I admit my electronics and coding has been a series of 'learning by mistakes' and then trying not to repeat them, this forum seems to strike a healthy balance between 'lecturing' and ' informing' . If I hit a buffer with some circuit / function I will spend hours / days/ months attempting a fix , searching ETO posts has occasionally pointed me in the right way , thanks ...
 
Hi Keep,

What you are suffering from is an unfortunate situation, nothing to do with information. In general, there are so many distractions that life in modern society can get difficult.

You log on to pay your utility bill and get hit by a video about how wonderful the utility company is and how it is saving the planet and somewhere at the edge of all the BS is alittle button you can press to log in to your account. Then you are presented with a plethora of more BS and various other options- join out sunshine tariff and save thousands in the summer. This week get 20% off all new boilers, subscribe to our news letter for great offers and information about how you can save power [but please don't as our business is selling power].

Then the phone rings and someone tells you to make a claim for the recent motoring accident that you were involved in [you weren't].

Then windows decides it wants to update and you can't stop it.

Then the utility site pops up and says that you can't go any further without an update to flash player.

Then another window pops up saying that your opinion is valued and would you fill in a survey to see how we are doing.

Then there is a knock at the door and it is: Mormons, double glazing sales man, charity collector...

Then when you get back to your computer you find that your account has timed out and you have to start over again.
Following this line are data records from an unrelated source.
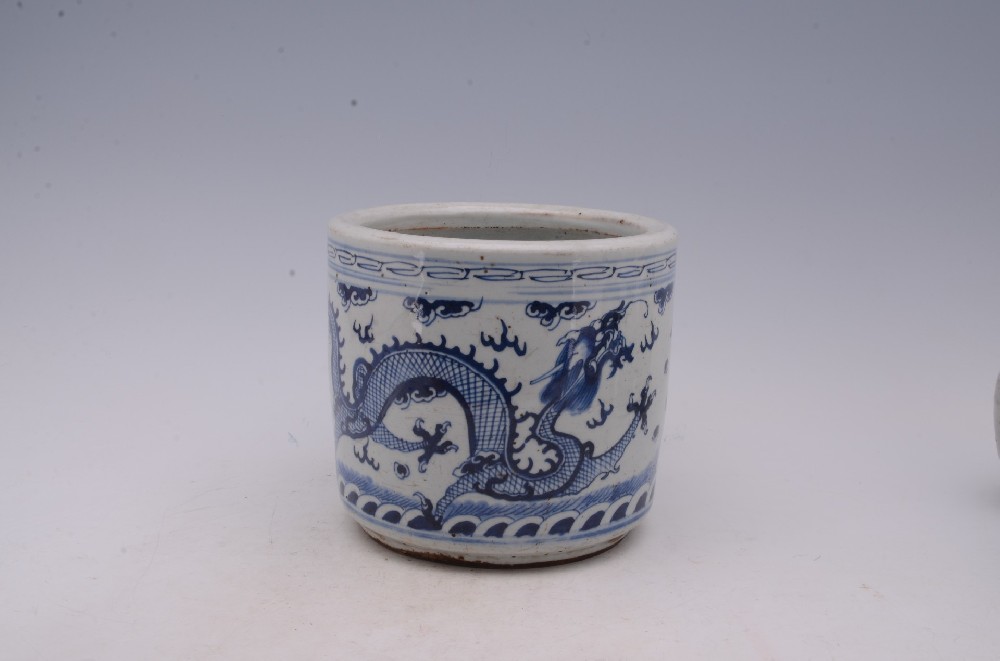 清青花(huā)雙龍戲珠紋圈足直筒爐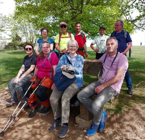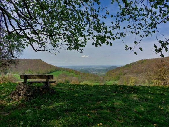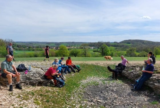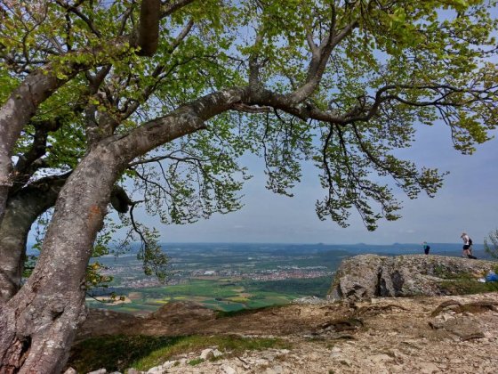 Nach einer kurzen Pause wanderten wir weiter zum 811m hohen Breitenstein, einem grandiosen Aussichtspunkt am Albtrauf über Bissingen. Von dem ca. 200 Meter breiten Plateaus aus bietet sich ein weiter Blick auf das ca. 400 Meter tiefer gelegene Albvorland bis nach Stuttgart und zu den drei Kaiserbergen. Eine tolle Aussicht hat man auch auf die naheliegende Burg Teck. Jetzt hatten wir unsere mitgebrachte Brotzeit verdient.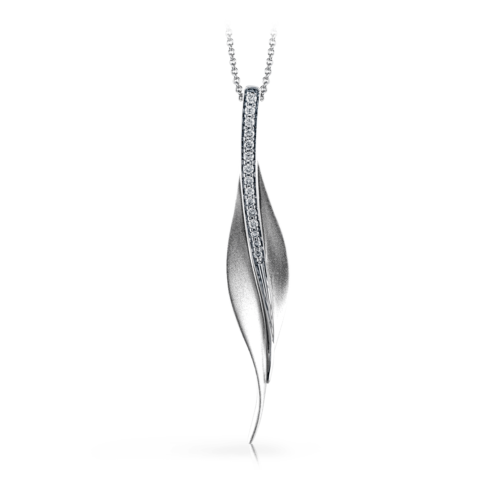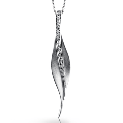 Additional Description A sleek, svelte style highlights this modern leaf-like pendant, set with a column of .13 ctw of dazzling white diamonds.

As mentioned before, I recently bought a Bosch angle grinder which has a mandatory one year guarantee but, if you register your grinder with Bosch, the guarantee is extended to three years. So I opened the first Bosh site to show in Chrome only to find that out of the thousands of Bosh sites, this was the wrong one. I had no idea which site to register on, so I had a web conversation with Eugene who was very helpful and gave me the appropriate link. This is no exaggeration, at the bottom of the conversation it said, 'for future reference use this conversation number: 786905430uy65J5po9hgt86654902-2'

When I clicked on the link I got the usual BS but at the bottom it said what sort of tool do you have, battery operated power tools, non battery operated power tools, LiIon power tools. Bosch versa program power tools, and so on.

Anyway, after ten minutes of clicking I finally got to mains powered angle grinders.

Then I was asked which country I was in, so I clicked on UK.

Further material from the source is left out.